■ REQUIRED ACTION ■
Copy the lines below exactly, starting at the one with "7月28日下午,水利部節(j" and ending at the one with "Den Ëmwäschbecken ass", and leave out any picture.

■ DATA UNDER STUDY ■
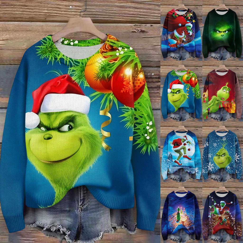 Truien met lange mouwen voor dames O-hals casual schattige print gebreide oversized trui
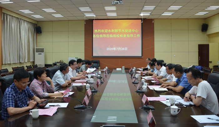 7月28日下午,水利部節(jié)水中心副主任劉國華,水利專家王家先、付新峰,陜西省水利廳節(jié)水辦主任吳萍,西安市水務局節(jié)水中心副主任張峰等一行八人來我校檢查指導校園節(jié)水工作。匯報會在雁塔校區(qū)第一會議室召開。我校校長李天太、黨委副書記張木,黨政辦公室、后勤管理處相關負責人參加會議。
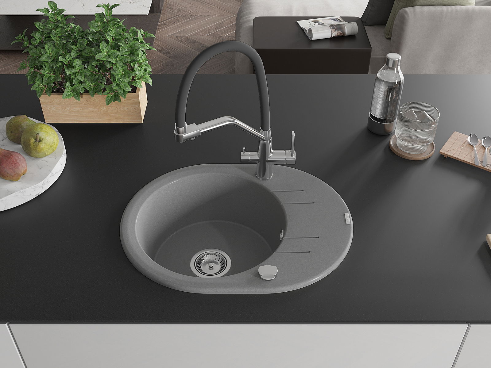 Den Ëmwäschbecken ass aus héichwäertege Granit gemaach. Et stellt eng elegant awer virun allem praktesch Ergänzung fir all Kichen duer, onofhängeg vun hirem Stil. Déi héich Qualitéit an Haltbarkeet vum Granit suergen fir méi järelaang Benotzung.
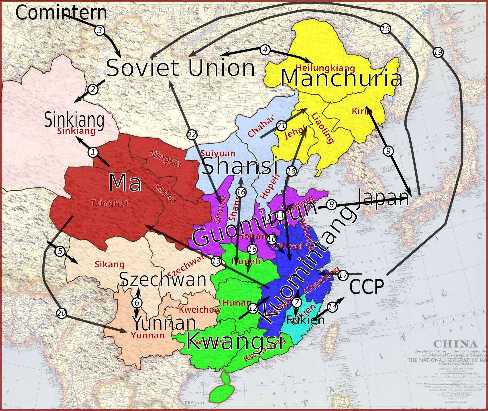 - Chinese Factions: warlords from the previous era were largely still in place and felt a need for independence. They were (some more than others) distrustful of the KMT and largely had their armies intact although removal of tax income from them would have seriously endangered this.
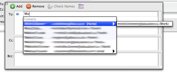 In my Contacts some entries have multiple e-mail addresses (e.g home & work); however when I wish to compose a new e-mail, Entourage only shows one address (presumably the default). When I was using Outlook I was always able to select whichever 'address' I needed; surely this can be done in Entourage?
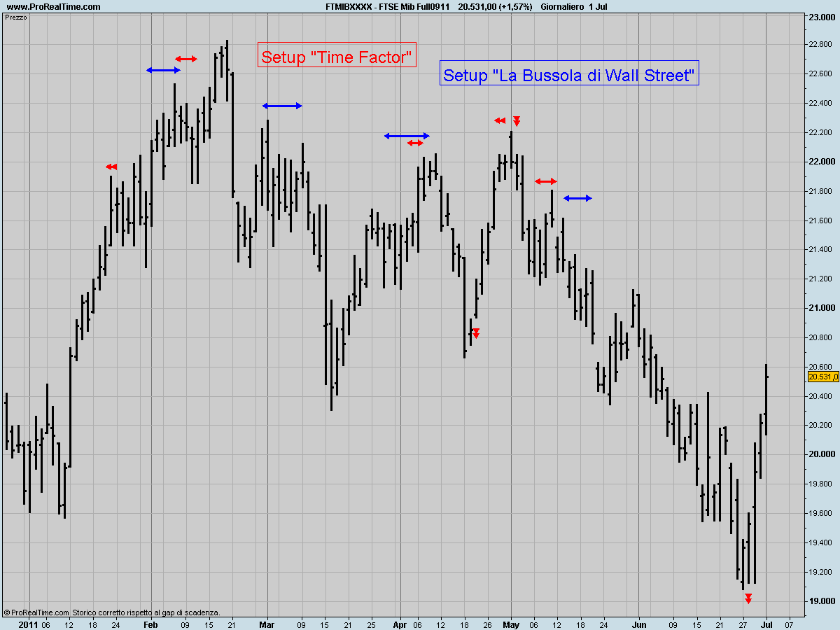 Nei grafici precedenti sono mostrati per gli anni 2009-2010 e 2011 i setup temporali individuati da “La Bussola di Wall Street” (segmenti blu) e “Time Factor” (segmenti rossi).
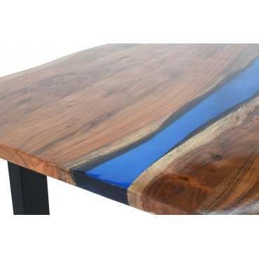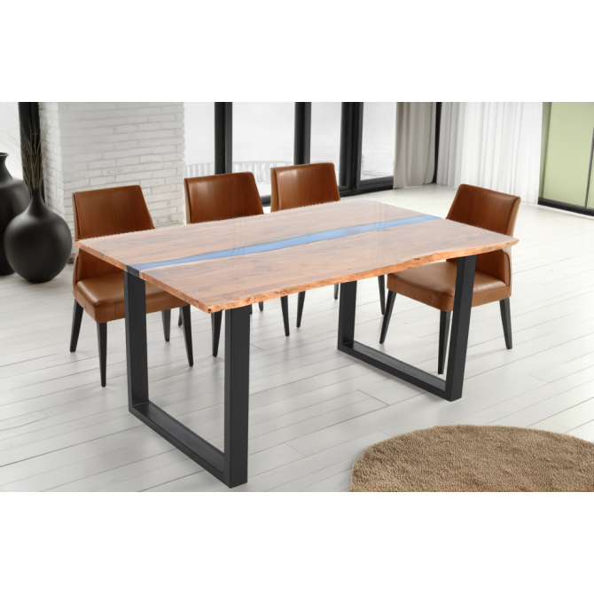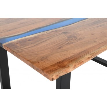 Stół COAST to wyjątkowy mebel, który łączy naturalne piękno drewna akacjowego z nowoczesnym akcentem niebieskiej żywicy epoksydowej. Blat o długości 160 cm wykonany z litego drewna akacjowego prezentuje unikalne usłojenie i naturalną krawędź, co nadaje każdemu egzemplarzowi indywidualny charakter. Wstawka z niebieskiej żywicy epoksydowej przypomina rzekę, wprowadzając do wnętrza świeżość i oryginalność.
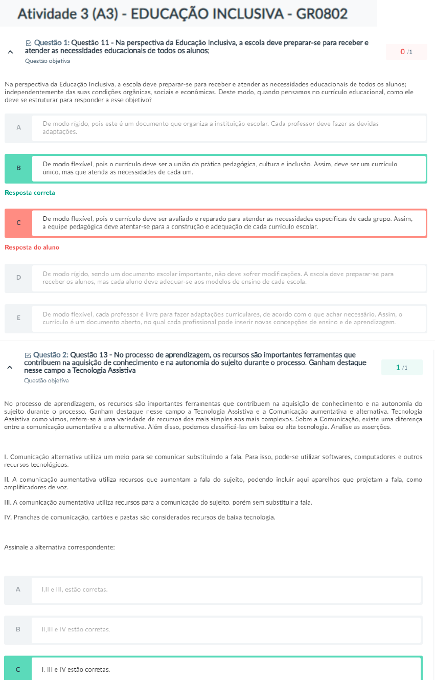 <p>Atividade 3 (A3) - EDUCAÇÃO INCLUSIVA - GR0802 Questão 1: Questão 11 Na perspectiva da Educação Inclusiva, a escola deve preparar-se para receber e atender as necessidades educacionais de todos os alunos; 0 /1 Questão objetiva Na perspectiva da Educação a escola deve preparar-se para receber e atender as necessidades educacionais de todos os independentemente das suas condições orgânicas, sociais e Deste modo, quando pensamos no currículo como ele deve se estruturar para responder a esse objetivo? A De modo pois este é um documento que organiza a instituição escolar. Cada professor deve fazer as devidas De modo flexível, pois o currículo deve ser a união da prática cultura e Assim, deve ser um currículo B único, mas que atenda as necessidades de cada um. Resposta correta De modo flexível, pois o currículo deve ser avaliado e reparado para atender as necessidades específicas de cada grupo. Assim, a equipe pedagógica deve atentar-se para a construção e adequação de cada currículo escolar. Resposta do aluno De modo sendo um documento escolar importante, não deve sofrer A escola deve preparar-se para D receber os mas cada aluno deve adequar-se aos modelos de ensino de cada escola. E De modo cada professor é livre para fazer adaptações de acordo com que achar Assim, currículo é um documento aberto, no qual cada profissional pode inserir novas concepções de ensino e de aprendizagem. Questão 2: Questão 13 No processo de aprendizagem, os recursos são importantes ferramentas que contribuem na aquisição de conhecimento e na autonomia do sujeito durante processo. Ganham destaque 1 /1 nesse campo a Tecnologia Assistiva Questão objetiva No processo de aprendizagem, os recursos são importantes ferramentas que contribuem na aquisição de conhecimento e na autonomia do sujeito durante processo. Ganham destaque nesse campo a Tecnologia Assistiva e a Comunicação aumentativa e alternativa. Tecnologia Assistiva como vimos, refere-se à uma variedade de recursos dos mais simples aos mais complexos. Sobre a Comunicação, existe uma diferença entre a comunicação aumentativa e a alternativa. Além disso, podemos classificá-las em baixa ou alta tecnologia. Analise as asserções. I. Comunicação alternativa utiliza um meio para se comunicar substituindo a fala. Para isso, pode-se utilizar computadores e outros recursos tecnológicos. II. A comunicação aumentativa utiliza recursos que aumentam a fala do sujeito, podendo incluir aqui aparelhos que projetam a fala, como amplificadores de voz. III. A comunicação aumentativa utiliza recursos para a comunicação do sujeito, porém sem substituir a fala. IV. Pranchas de cartões e pastas são considerados recursos de baixa tecnologia. Assinale a alternativa correspondente: A e III. estão corretas. B e IV estão C III e IV estão</p><p>C III e IV estão corretas. Resposta correta D II. e IV estão E Todas as asserções estão Questão 3: Questão 9 Atendendo aos pressupostos básicos da Educação Inclusiva o Atendimento Educacional Especializado é uma forma de suprir as necessidades 1 /1 Questão objetiva Atendendo aos pressupostos básicos da Educação Inclusiva Atendimento Educacional Especializado é uma forma de suprir as necessidades específicas de cada aluno, já que no AEE os alunos têm atenção individualizada e específica. De acordo com Decreto n° 7611/2011 são objetivos do AEE: I. Prover condições de acesso, participação e aprendizagem no ensino regular e garantir serviços de apoio especializados, de acordo com as necessidades individuais dos II. Garantir a transversalidade das ações da educação especial no ensino regular; III. Fomentar desenvolvimento de recursos didáticos e pedagógicos que eliminem as barreiras no processo de ensino e aprendizagem; IV. Assegurar condições para a continuidade de estudos nos demais níveis, etapas e modalidades de ensino. Para conseguir cumprir com estes objetivos, professor de AEE deve: A planejar suas ações e os recursos organizar e acompanhar a aplicabilidade dos recursos multifuncionais; orientar professores e familiares; ensinar quanto ao uso de Tecnologia Assistiva e interagir com professores da sala regular. Resposta correta planejar suas ações e os acompanhar as orientar os alunos e professores do ensino regular e indicar outras B formas de tratamento adequados. adequar escolar: analisar quais atividades estão sendo feitas na sala regular e trazê-las para de modo C adaptado. orientar professores e familiares com relação às tecnologias assistivas: transferir ensino da sala regular para a sala de recursos D</p><p>Questão 4: Questão 15 "Mais de 9 milhões de brasileiros declararam ter deficiência auditiva ao IBGE no Censo Demográfico realizado em 2010. Destes, 2,1 milhões (21%) afirmaram ter deficiência auditiva severa, sendo 344,2 mil surdos e 1,7 milhão com grande 0 /1 Questão objetiva "Mais de 9 milhões de brasileiros declararam ter deficiência auditiva ao IBGE no Censo Demográfico realizado em 2010. Destes, 2,1 milhões (21%) afirmaram ter deficiência auditiva severa, sendo 344,2 mil surdos e 1.7 milhão com grande dificuldade em ouvir. Em 2015, a Relação Anual de Informações Sociais (Rais) informou que apenas 80 mil pessoas com algum nível de surdez trabalhavam com carteira assinada. Antes de ser um problema apenas do mercado, a baixa contratação de surdos e deficientes auditivos têm a sua raíz no acesso a educação básica e superior." H. Educação de surdos: entenda os desafios no Brasil. 2018 Disponível em de-surdos-entenda-os-desafios-no-brasil> Acesso em julho/2019. A respeito da educação de surdos, analise as informações. I. A surdez pode ser classificada a partir de suas causas, sendo: congênita, adquirida, ou cultura surda. II. surdo deve ser educado nos modelos da linguagem que ele melhor compreenda, seja a língua portuguesa ou LIBRAS. III. No os alunos surdos devem receber a explica
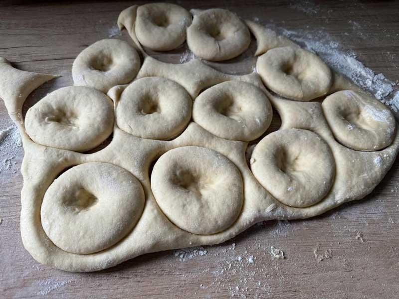 Transferați aluatul pe o suprafață presărată cu făină și întineți-l la o grosime de 1 cm. Folosiți un pahar pentru a decupa gogoșile cu un diametru de aproximativ 5 cm.
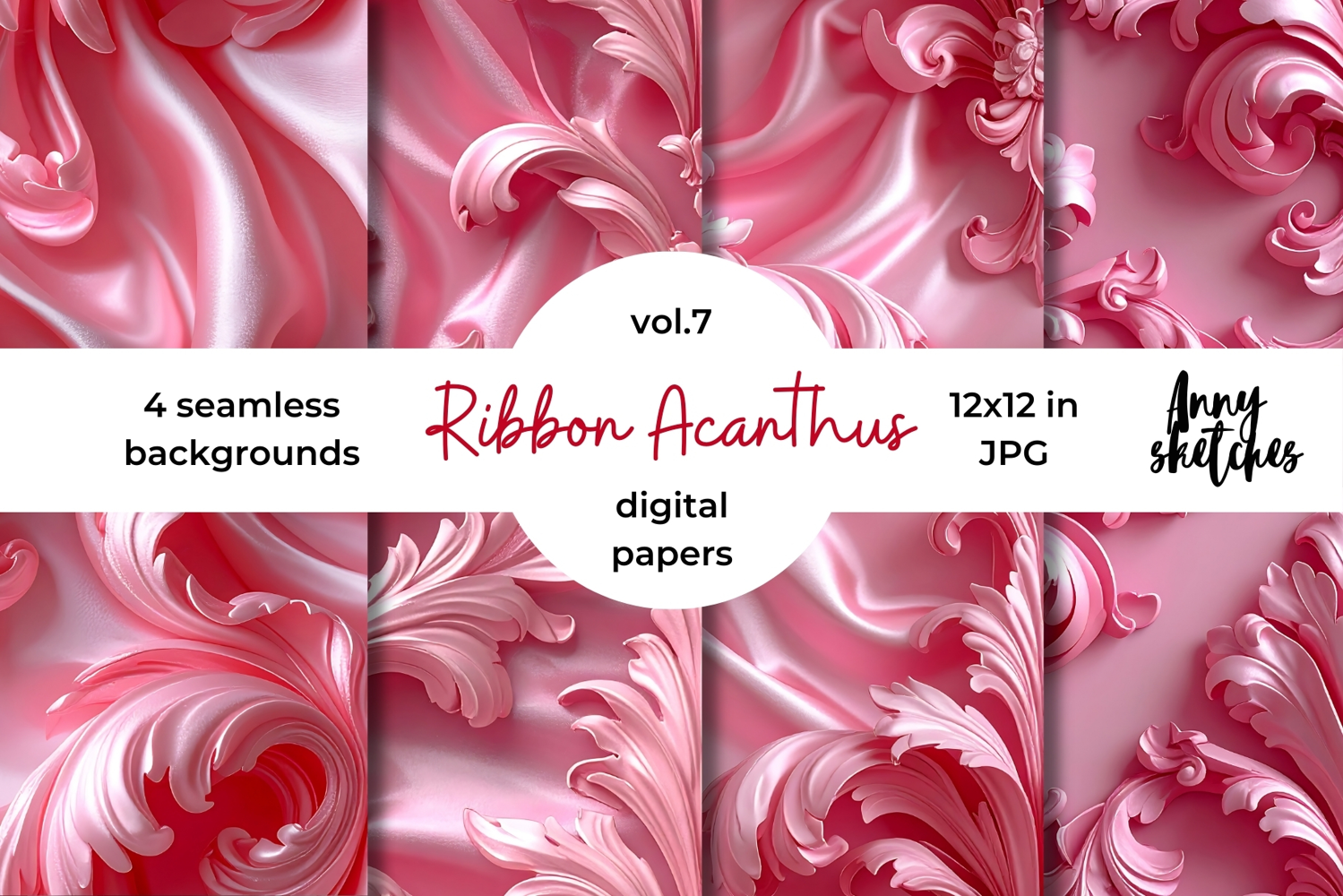 Floral Ribbon Digital Paper Kit Rococo Valentine Damask Seamless Patterns Acanthus Leaf Ornate Digital Papers Romantic Baroque Ribbon Backgrounds Elegant Rococo Floral Scrapbook Paper Vintage Damask Digital Paper Pack Classic Valentine Ornamental Patterns Printable Rococo Floral Backgrounds Feminine Ribbon Damask Paper Kit Luxury Rococo Digital Papers

■ EXPECTED ANSWER ■
 7月28日下午,水利部節(jié)水中心副主任劉國華,水利專家王家先、付新峰,陜西省水利廳節(jié)水辦主任吳萍,西安市水務局節(jié)水中心副主任張峰等一行八人來我校檢查指導校園節(jié)水工作。匯報會在雁塔校區(qū)第一會議室召開。我校校長李天太、黨委副書記張木,黨政辦公室、后勤管理處相關負責人參加會議。
 Den Ëmwäschbecken ass aus héichwäertege Granit gemaach. Et stellt eng elegant awer virun allem praktesch Ergänzung fir all Kichen duer, onofhängeg vun hirem Stil. Déi héich Qualitéit an Haltbarkeet vum Granit suergen fir méi järelaang Benotzung.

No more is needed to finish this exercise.